Infolge der Schließung der Bordelle sind viele Kolleginnen mit Migrationshintergrund nach Hause gefahren. Andere haben sich eigene Infrastrukturen geschaffen und zwangsläufig entweder Kunden zu Hause besucht oder sich zu Hause besuchen lassen. Das ist natürlich ein erhöhtes Risiko, aber es bleibt auch mehr Geld bei der Sexarbeiterin. Wir haben auf jeden Fall weniger Sexworker in Betrieben als vor Corona. Die Struktur hat sich verschoben, hin zur Vermittlung übers Internet.

Da schließt sich der Kreis. Heute verbringen Sie den Bürotag vor dem Rechner, was liegt ab morgen an?

Diese Woche habe ich noch zwei Termine. Der eine ist morgen und dauert mit etwas Vor- und Nachbereitung vielleicht vier Stunden. Dann habe ich Freitag noch einen Termin über sechs, sieben Stunden. Und am Donnerstag sitze ich mit politischen Gremien, Beratungsstellen und Behörden an einem Tisch und es geht um Sexarbeitspolitik. Die Woche ist also ausgefüllt. Manchmal wäre mir lieber, wenn ich einfach in Ruhe anschaffen gehen könnte, wann ich möchte.

Zur Person: Undine de Rivière, Jahrgang 1973, wuchs im Südwesten Deutschlands auf. Früh merkte sie, dass erotische Darbietungen und, wie sie sagt, „Schundromane“ einen starken Reiz auf sie ausübten. Ihr Physik-Studium finanzierte sie als Stripperin in Peepshows. Nach dem Abschluss kam sie im Jahr 2000 nach Hamburg, wo sie seitdem als Prostituierte arbeitet, vornehmlich im Bereich BDSM (umgangssprachlich: Sadomaso). 2013 war Undine de Rivière Gründungsmitglied des bundesweiten Berufsverbands erotische und sexuelle Dienstleistungen (BesD), 2018 erschien ihr Buch „Mein Huren-Manifest. Inside Sex-Business“. Undine de Rivière lebt und arbeitet im Hamburger Stadtteil St. Georg. Ihren Beziehungsstatus bezeichnet sie als „Beziehungsanarchistin in einem polyamoren Netzwerk“.

Bitte ergänzen Sie...

Mein Lieblingsort in Hamburg ist... der Hansaplatz direkt vor meiner Haustür. Ich wohne einfach gern mitten im Leben.

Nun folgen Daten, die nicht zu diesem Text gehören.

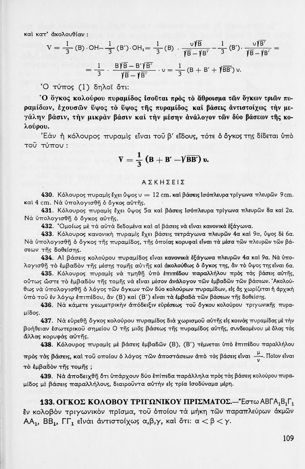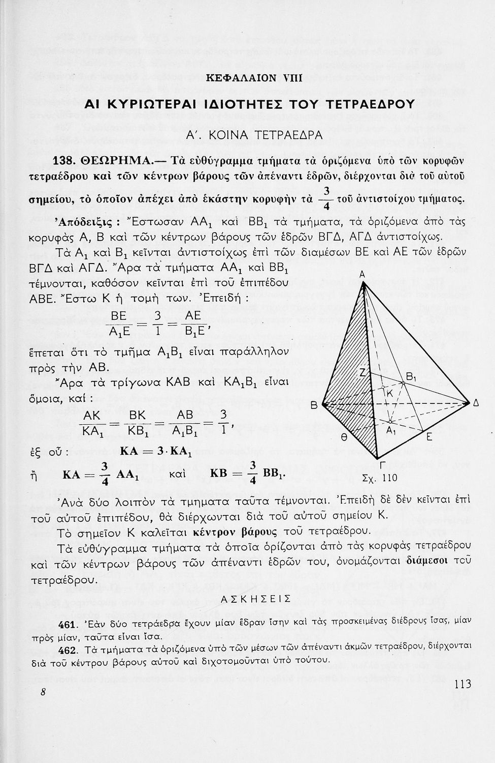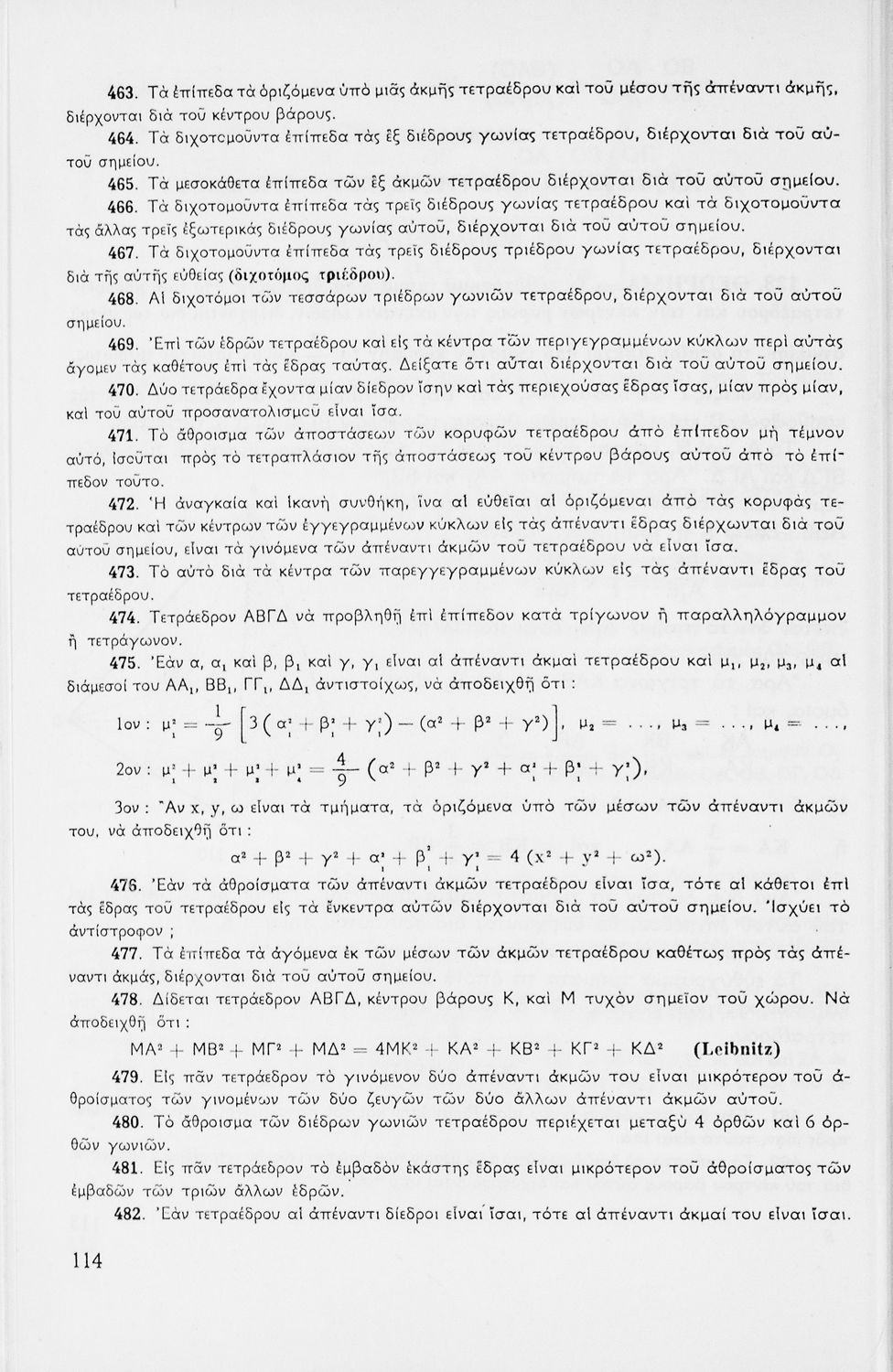 Σχολικό εγχειρίδιο Γεωμετρίας για τις Γ΄, Δ΄, Ε΄, ΣΤ΄ Γυμνασίου που περιλαμβάνει θεωρία και ασκήσεις και είναι χωρισμένο σε Επιπεδομετρία και Στερεομετρία. Φέρει το σύμβολο της δικτατορίας.

Und mein Sehnsuchtsort ist... aktuell der Regenwald in der Nähe von Brisbane, Australien. Da war ich viel zu lange nicht mehr.

Schönheit bedeutet für mich... Authentizität und In-sich-selbst-Ruhen.

Ich habe eine Schwäche für... sehr dunkle Schokolade, so ab 90 Prozent.

Wütend macht mich... die Stigmatisierung und der Hass, der uns als Sexarbeitenden von manchen Menschen entgegengebracht wird.

Einmal im Leben tauschen würde ich gern mit... einem beliebigen Rockstar bei einem Live-Konzert. Eine riesige Menschenmenge zum Toben zu bringen, muss ziemlich sexy sein.